| YOUR GOAL |
Every line of the material must be given again verbatim. Skip the images.

| DATA BELOW |
════

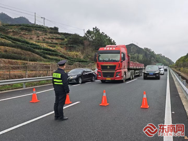 執法人員協助交警進行交通管制。寧德高速執法支隊供圖 事故車輛側翻橫亙于車道之間,車體嚴重變形,路面出現燃油滲漏。執法人員迅速聯合交警、養護等部門對事故區域實施臨時交通管制,在隧道入口及沿線通過可變情報板發布警示信息,引導后方車輛減速避讓,并對滯留司乘人員耐心開展現場解說,說明事故情況及安全注意事項,緩解群眾焦慮情緒。同時,執法人員協助救援力量對被困人員展開施救,利用反光錐筒、警示燈等設備對現場進行安全布控,防止次生事故發生。救援過程中,執法人員同步對事故造成的路產損失進行詳細勘驗,固定現場證據,為后續處置提供依據。
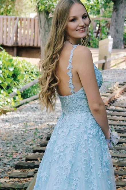 A-Line V-Neck Sleeveless Spaghetti Straps Light Blue Lace Long Prom Dresses,PD221671
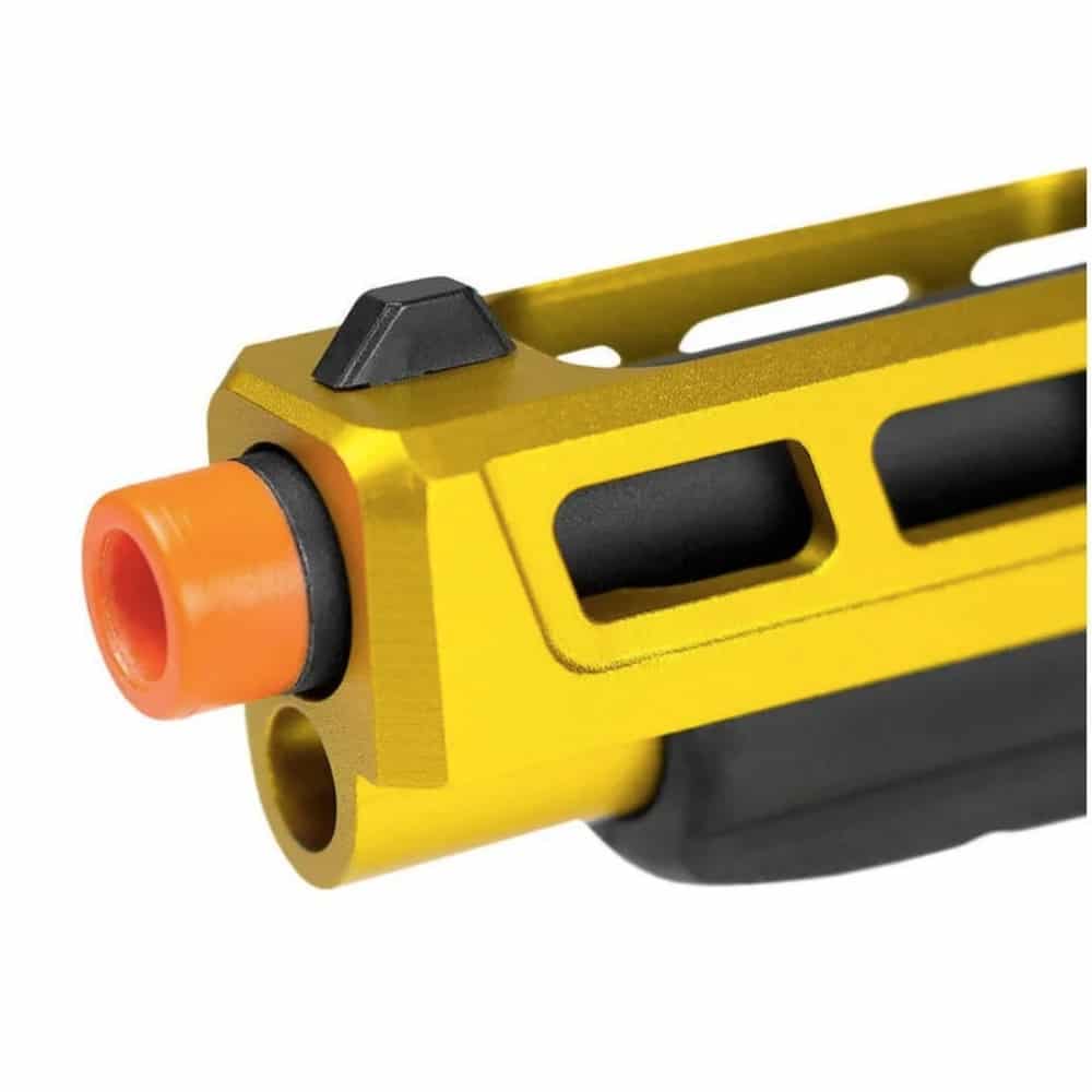 A Pistola Airsoft ARMY R34 Custom Type F é fabricada pela Army Armament com Slide de alumínio CNC amarelo e empunhadura em polímero de alta densidade, semelhante as Glock reais. O CNC (Computer Numeric Control) é um sistema informatizado que proporciona o controle de máquinas, utilizado principalmente em tornos e centros de usinagem. Ou seja, essa Pistola é produzida com o que há de mais moderno para oferecer qualidade!
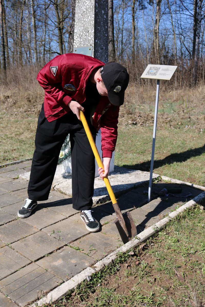 Совместно с военнослужащими 65-й автомобильной бригады они привели в порядок территорию у обелиска на могиле партизан, погибших при выполнении боевого задания в годы Великой Отечественной войны.

════

| RESPONSE FOR THIS EXERCISE |
 執法人員協助交警進行交通管制。寧德高速執法支隊供圖 事故車輛側翻橫亙于車道之間,車體嚴重變形,路面出現燃油滲漏。執法人員迅速聯合交警、養護等部門對事故區域實施臨時交通管制,在隧道入口及沿線通過可變情報板發布警示信息,引導后方車輛減速避讓,并對滯留司乘人員耐心開展現場解說,說明事故情況及安全注意事項,緩解群眾焦慮情緒。同時,執法人員協助救援力量對被困人員展開施救,利用反光錐筒、警示燈等設備對現場進行安全布控,防止次生事故發生。救援過程中,執法人員同步對事故造成的路產損失進行詳細勘驗,固定現場證據,為后續處置提供依據。
 A-Line V-Neck Sleeveless Spaghetti Straps Light Blue Lace Long Prom Dresses,PD221671
 A Pistola Airsoft ARMY R34 Custom Type F é fabricada pela Army Armament com Slide de alumínio CNC amarelo e empunhadura em polímero de alta densidade, semelhante as Glock reais. O CNC (Computer Numeric Control) é um sistema informatizado que proporciona o controle de máquinas, utilizado principalmente em tornos e centros de usinagem. Ou seja, essa Pistola é produzida com o que há de mais moderno para oferecer qualidade!
 Совместно с военнослужащими 65-й автомобильной бригады они привели в порядок территорию у обелиска на могиле партизан, погибших при выполнении боевого задания в годы Великой Отечественной войны.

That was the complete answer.